Vin is about to leave her when she says something quite unexpected.
"I knew a boy like you once. I never had the courage to tell him who I was to him. But he already knew. I could see it in his eyes. And he was trying to deny it." She looks at him closely. "But I suppose it's all done with now…" And she goes back to ranting.
(He can hear the final clank of the last link falling into place, sealing his thoughts forever, confirming what he had wondered.)
He tells Zero about Macbeth and her rants, and nothing more. She leaves school with him, still blissfully unaware of him. But it's OK. She doesn't need to know. She won't know.

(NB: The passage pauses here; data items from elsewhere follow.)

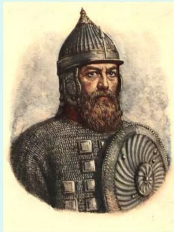
Князь Дмитрий Пожарский
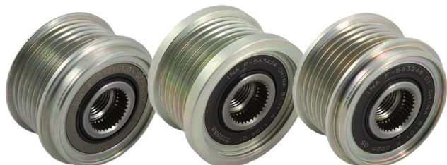
Figur 2: Friløpsremskive OAP 535 0063 10 (venstre), 535 0202 10 (midten), 535 0203 10 (høyre)

Vibrasjoner og høye lyder fra aggregatdriften kan produseres i kjøretøyene oppført ovenfor med en stiv generatorremskive. Disse vibrasjonene og høye lydene er forårsaket av rotasjonsuregelmessighetene i dieselmotoren, som er større enn de i en bensinmotor.
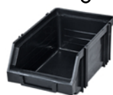
MODUŁBOX CZARNY 1.1

He receives a letter a few years later, informing him of Macbeth's death. He can't help but miss her. She was the source of INK after all. Without her evil plans there would be no INK. No him and Zero. He owes everything to her.
(He never tells anyone, but instead vents his feelings on paper, in a letter that no one will ever see.)
He's never going to think of it again. There's no reason too. He lives quietly and happily with Zero, the thoughts fading from his mind once again.
It's only on his deathbed does he look upwards to the sky, finally accepting it as it really is for him. He utters in his final moments,
"I'm coming mum."
And the secret dies with him.
So obviously, this isn't canon... probably not even completely correct. But I had to get it out of the way, because it was banging around in my head. Probably won't write a follow up. But if you want to use the idea, go crazy! But do tell me, because I will want to read your story.